While technology marches forward with promises of innovation and progress, AI systems are silently erasing cultural identities across the globe. These machines, trained primarily on English data, churn out content that marginalizes non-English languages and experiences. They don't just ignore other cultures—they actively erase them. Nice job, Silicon Valley.
The problem runs deep. AI can now seamlessly alter images, voices, and speeches, distorting historical facts with terrifying ease. Yesterday's truth becomes today's manipulation. Cultural memory? Collective knowledge? Both threatened by algorithms that don't know better and developers who should. The resulting AI-generated content neglects minority languages and dialects, creating a narrowed cultural perspective that's about as diverse as a beige wall. Modern AI systems operate as black box algorithms, making their cultural biases nearly impossible to identify or correct.
This erasure happens through what experts call "symbolic annihilation"—the omission, trivialization, or simplification of specific peoples' histories. AI systems reduce complex cultures to stereotyped caricatures. Islam becomes just a mosque. Ancient traditions become tourist trinkets. It's cultural homogenization at machine speed. Undigitized knowledge such as oral traditions and local wisdom faces an even greater risk of extinction.

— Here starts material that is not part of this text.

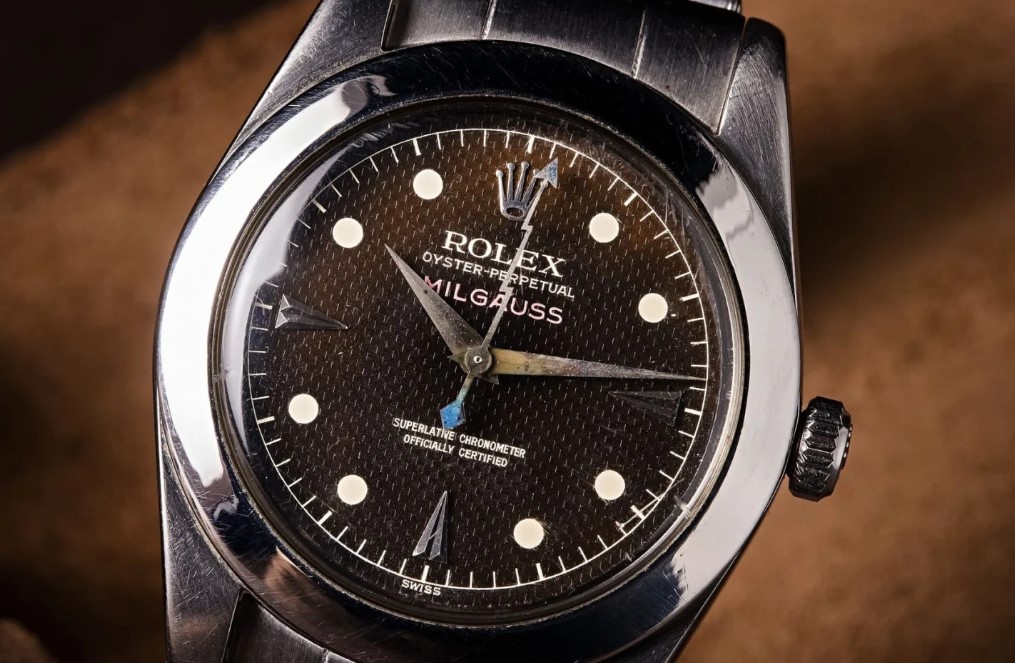 Rolex created the Milgauss exclusively for scientists and engineers who worked under high-magnetic-environment conditions, as high magnetic forces can interfere with the accuracy of a mechanical watch. “Milgauss” is the term used to describe the resistance to 1,000 gauss of magnetic force, a feat obtained through the use of a Faraday cage (soft iron inner case) that protects the movement. The Rolex 6541, introduced in the late 1950s, was one of the first Milguass models.. Inside most examples of that model is the caliber 1066.

The appropriation doesn't stop there. AI mimics music, art, and cultural expressions without understanding context or showing respect. It commodifies heritage. It falsifies authenticity. The resulting cultural appropriation is often unavoidable due to the copyright ownership rules established by the US Copyright Office in 2022, which make true source acknowledgment nearly impossible. The result? Meaningful cultural significance gets diluted faster than cheap juice.
Regulation faces massive hurdles. Different countries, different standards. No global agreement. How do you enforce cultural sensitivity in systems designed by people who think diversity means having both an iPhone and an iPad?
The consequences are real. English dominance in AI creates an Anglophonisation bias that pushes non-English linguistic experiences to the margins. Cultural bias in AI output risks homogenizing global identities until we're all consuming the same flattened, algorithm-approved version of humanity.
We need diverse sources, ethical guidelines, and rigorous regulation to preserve what makes us different. Otherwise, we're just training machines to make us all the same. How boring would that be?